With the pictures left out, restate exactly the part below that opens with the line containing "在停车场看到金渔桃缘的石碑,往前走左边走下坡去200米就是沱江第一湾观景台。" and closes with the line containing "Spotlights are ideal".

━━ INFORMATION GIVEN ━━

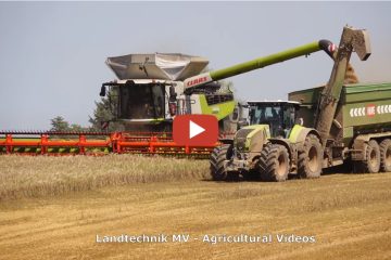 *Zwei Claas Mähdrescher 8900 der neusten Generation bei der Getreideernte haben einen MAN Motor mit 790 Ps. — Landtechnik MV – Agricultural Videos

━━━
━━ INFORMATION GIVEN ━━

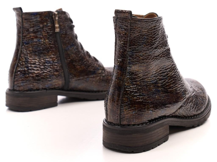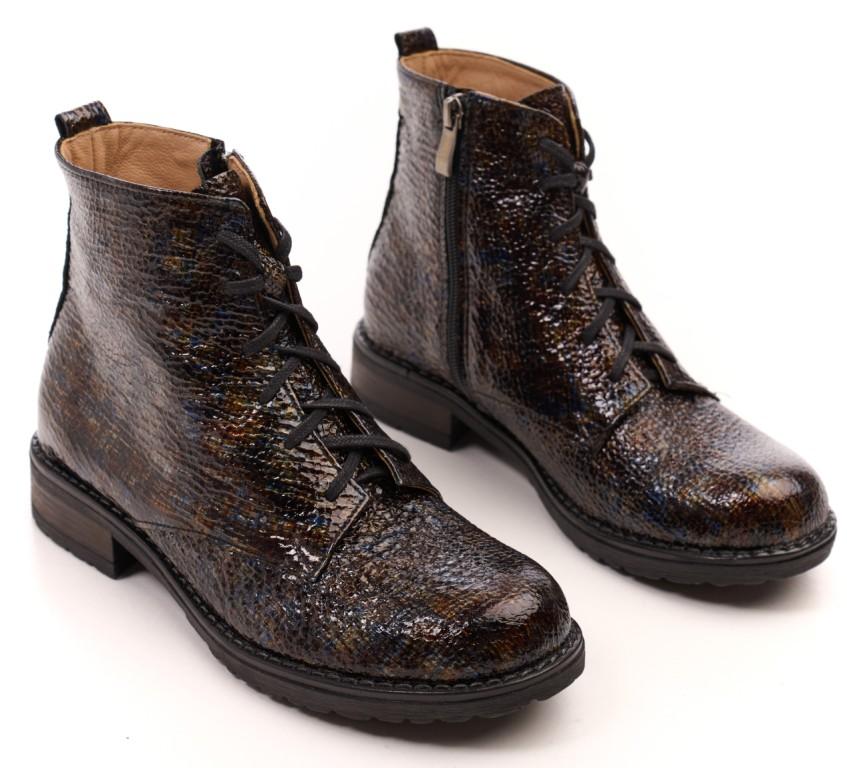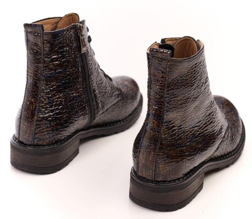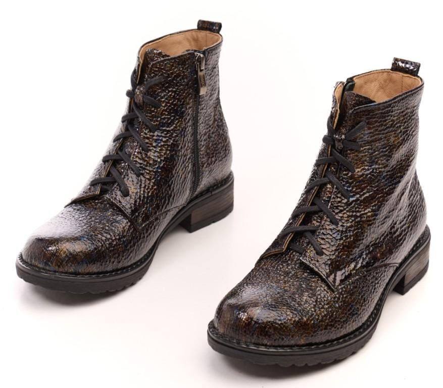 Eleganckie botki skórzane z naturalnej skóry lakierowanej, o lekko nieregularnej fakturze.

━━━
━━ INFORMATION GIVEN ━━

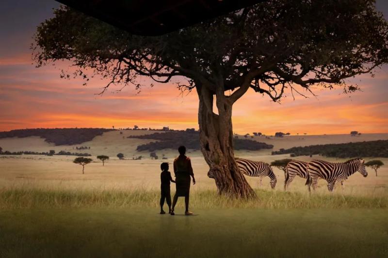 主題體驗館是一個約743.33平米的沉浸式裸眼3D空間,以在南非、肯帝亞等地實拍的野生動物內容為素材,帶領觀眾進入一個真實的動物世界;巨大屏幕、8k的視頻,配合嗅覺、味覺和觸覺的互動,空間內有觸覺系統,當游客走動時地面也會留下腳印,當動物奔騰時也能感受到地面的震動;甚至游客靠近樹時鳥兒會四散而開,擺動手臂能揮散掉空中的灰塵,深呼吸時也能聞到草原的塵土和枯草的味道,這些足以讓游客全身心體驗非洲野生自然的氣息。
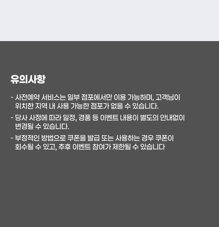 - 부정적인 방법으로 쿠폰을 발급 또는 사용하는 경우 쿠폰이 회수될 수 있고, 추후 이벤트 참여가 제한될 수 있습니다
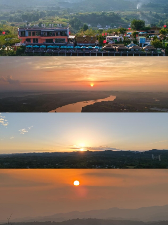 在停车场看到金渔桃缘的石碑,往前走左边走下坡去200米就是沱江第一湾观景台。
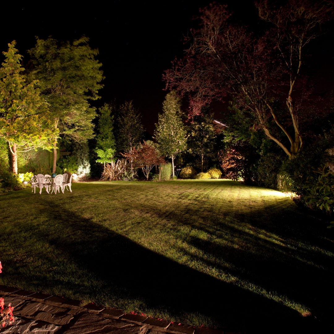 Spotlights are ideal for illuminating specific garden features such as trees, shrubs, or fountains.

━━━

> TASK OUTPUT
 在停车场看到金渔桃缘的石碑,往前走左边走下坡去200米就是沱江第一湾观景台。
 Spotlights are ideal for illuminating specific garden features such as trees, shrubs, or fountains.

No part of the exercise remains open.